» Work to complete
Each entry is to be given again precisely, and no picture may be carried over.

(Collected data)
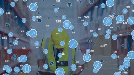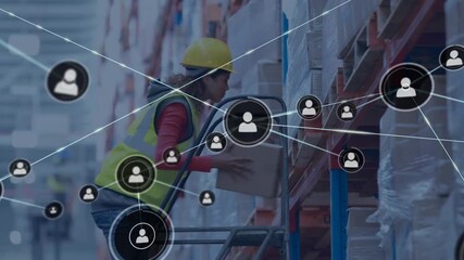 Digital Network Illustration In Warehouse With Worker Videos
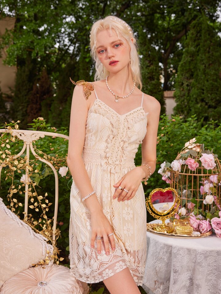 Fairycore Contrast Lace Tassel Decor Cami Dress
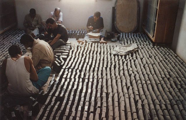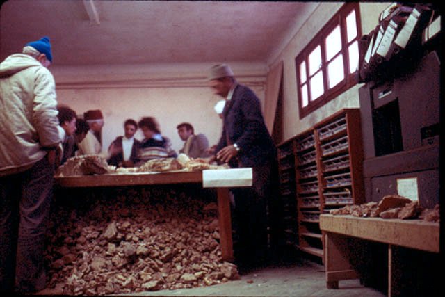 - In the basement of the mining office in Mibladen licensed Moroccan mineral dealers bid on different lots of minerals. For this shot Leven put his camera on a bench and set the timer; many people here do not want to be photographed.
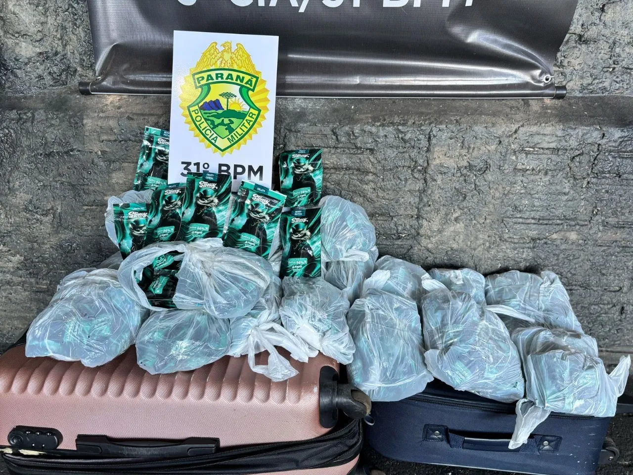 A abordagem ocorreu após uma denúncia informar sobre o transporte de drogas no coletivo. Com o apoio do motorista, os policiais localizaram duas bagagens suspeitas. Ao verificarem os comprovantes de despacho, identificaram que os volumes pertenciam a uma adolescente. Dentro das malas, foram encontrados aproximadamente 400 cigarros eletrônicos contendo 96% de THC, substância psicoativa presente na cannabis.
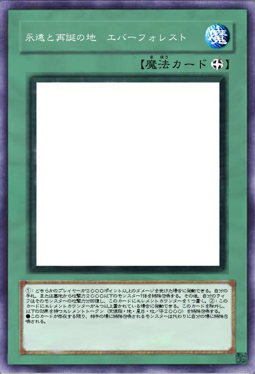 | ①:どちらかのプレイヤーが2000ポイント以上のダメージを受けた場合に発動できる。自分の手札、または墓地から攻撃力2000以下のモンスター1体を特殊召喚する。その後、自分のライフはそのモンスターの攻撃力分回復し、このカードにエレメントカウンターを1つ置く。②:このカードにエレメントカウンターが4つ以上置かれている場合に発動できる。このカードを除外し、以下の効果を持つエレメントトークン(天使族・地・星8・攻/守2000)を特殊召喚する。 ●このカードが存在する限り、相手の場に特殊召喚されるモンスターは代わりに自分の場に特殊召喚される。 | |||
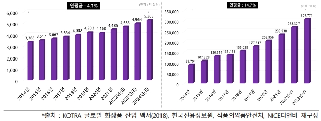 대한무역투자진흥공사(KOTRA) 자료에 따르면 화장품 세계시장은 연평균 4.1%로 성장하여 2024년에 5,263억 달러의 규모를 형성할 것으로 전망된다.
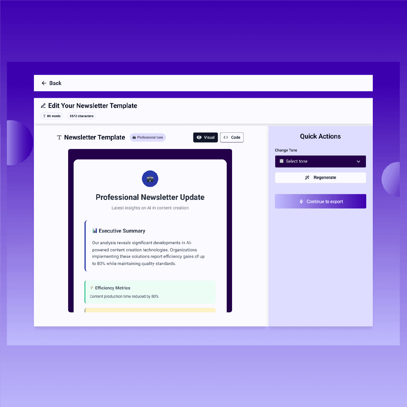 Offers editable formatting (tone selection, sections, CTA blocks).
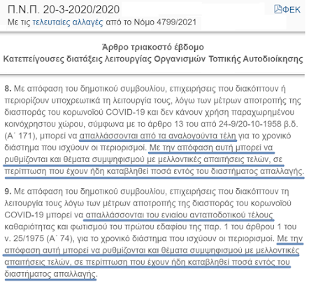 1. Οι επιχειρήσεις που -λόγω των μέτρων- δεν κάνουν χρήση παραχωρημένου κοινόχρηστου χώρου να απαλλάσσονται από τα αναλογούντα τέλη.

» Output
 Digital Network Illustration In Warehouse With Worker Videos
 Fairycore Contrast Lace Tassel Decor Cami Dress
 - In the basement of the mining office in Mibladen licensed Moroccan mineral dealers bid on different lots of minerals. For this shot Leven put his camera on a bench and set the timer; many people here do not want to be photographed.
 A abordagem ocorreu após uma denúncia informar sobre o transporte de drogas no coletivo. Com o apoio do motorista, os policiais localizaram duas bagagens suspeitas. Ao verificarem os comprovantes de despacho, identificaram que os volumes pertenciam a uma adolescente. Dentro das malas, foram encontrados aproximadamente 400 cigarros eletrônicos contendo 96% de THC, substância psicoativa presente na cannabis.
 | ①:どちらかのプレイヤーが2000ポイント以上のダメージを受けた場合に発動できる。自分の手札、または墓地から攻撃力2000以下のモンスター1体を特殊召喚する。その後、自分のライフはそのモンスターの攻撃力分回復し、このカードにエレメントカウンターを1つ置く。②:このカードにエレメントカウンターが4つ以上置かれている場合に発動できる。このカードを除外し、以下の効果を持つエレメントトークン(天使族・地・星8・攻/守2000)を特殊召喚する。 ●このカードが存在する限り、相手の場に特殊召喚されるモンスターは代わりに自分の場に特殊召喚される。 | |||
 대한무역투자진흥공사(KOTRA) 자료에 따르면 화장품 세계시장은 연평균 4.1%로 성장하여 2024년에 5,263억 달러의 규모를 형성할 것으로 전망된다.
 Offers editable formatting (tone selection, sections, CTA blocks).
 1. Οι επιχειρήσεις που -λόγω των μέτρων- δεν κάνουν χρήση παραχωρημένου κοινόχρηστου χώρου να απαλλάσσονται από τα αναλογούντα τέλη.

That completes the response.